Lev: Oh, yes. Well, to some extent. Obviously, they came out of me. Quentin is a pretty accurate depiction of what I was like when I was 17 – a big fanboy, intellectually overdeveloped, emotionally very stupid, socially not all there, really overinvested in worlds that aren't real. There's a lot of Quentin in me, and there's a lot of Julia in me. Julia is probably the character I feel closest to in the books. She's somebody who is managing an enormous amount of anger. Her story is about the person who was left behind, who didn't get in and tried to make things happen for herself and at great personal cost. It was a story for personal reasons that I really felt was mine. But there are lots of them. Janet is sort of like who I aspire to be, if I just didn't self-edit quite so much. That's what I would sound like. But Quentin is really... that's the one [who is] the most of me. And the way Jason plays Quentin on screen, I've never seen a character quite like that on screen before, and I found myself all over again and saying, "Wow.

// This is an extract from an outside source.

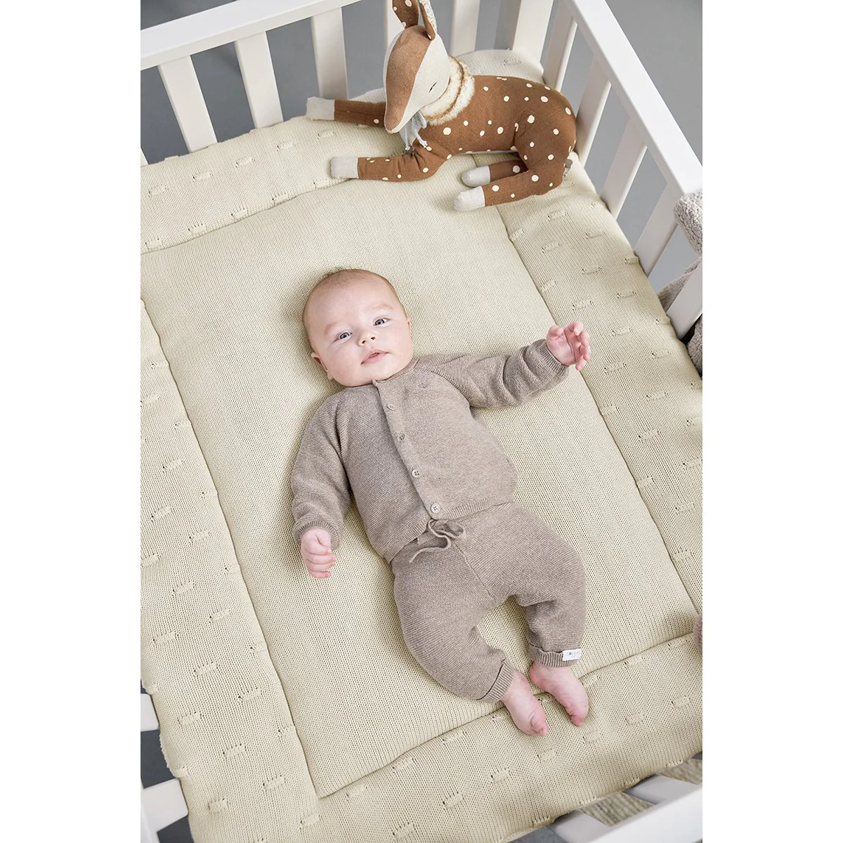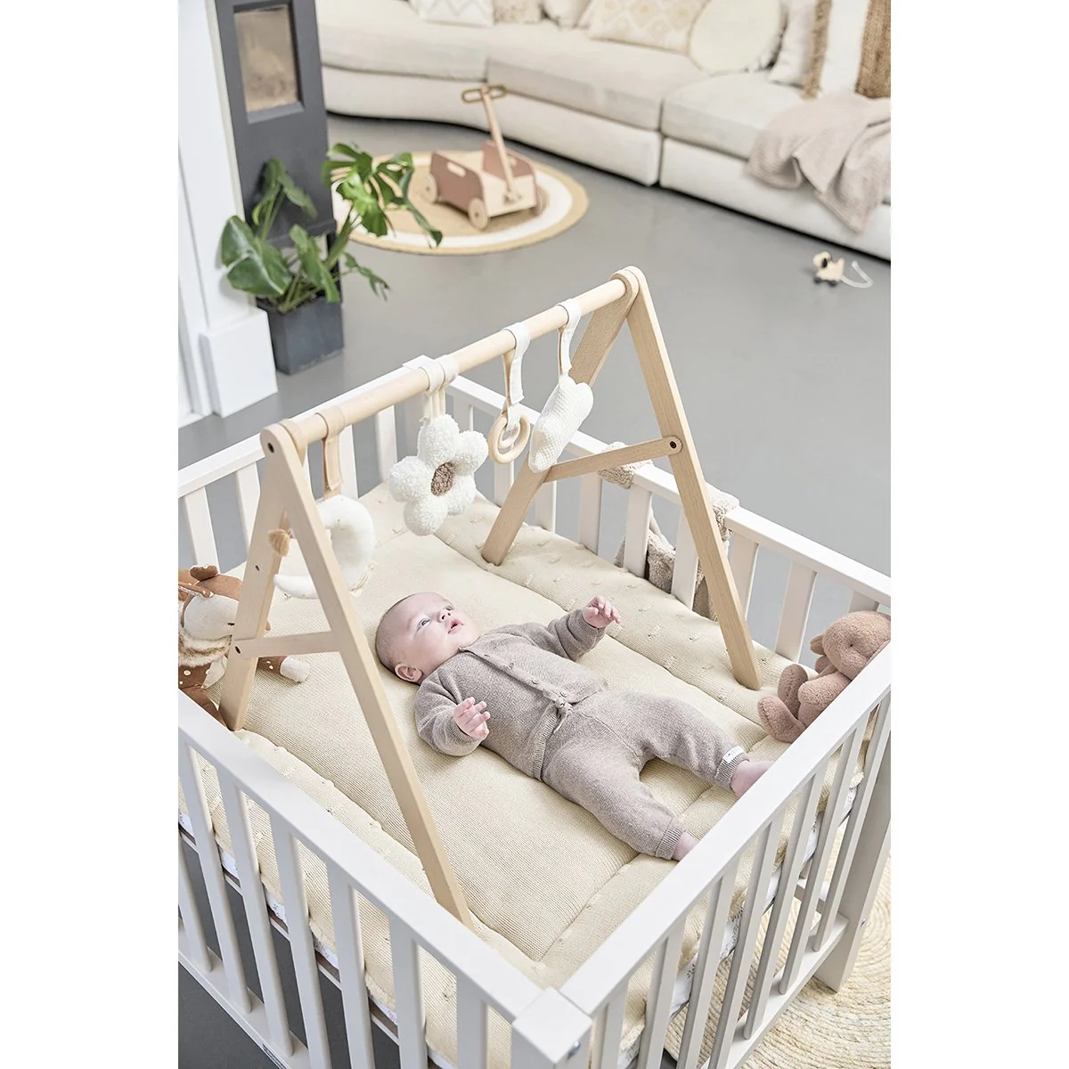 También puedes usarlo directamente sobre el suelo o incluso en el jardín como alfombra de juegos. Así tu peque siempre tendrá un espacio mullidito donde jugar o descansar.

Yeah, that is what it was like for me." It was nice to see.
MN: Are you going to make a cameo anywhere? Pull a Peter Jackson?
Lev: I don't know if I... yes.
MN: Oh! Okay.
Lev: I've shot it already.
MN: Oh. Cool, fabulous.
Lev: It's not in the pilot, but keep an eye out for it.
MN: Do you clearly look like you, or do you look like someone else?
Lev: Oh, no, I look all too much like myself.
Our interview with Lev concludes our coverage of our trip to the set of The Magicians! Thank you to Lev, the cast and crew, and everyone at Syfy who made this trip possible.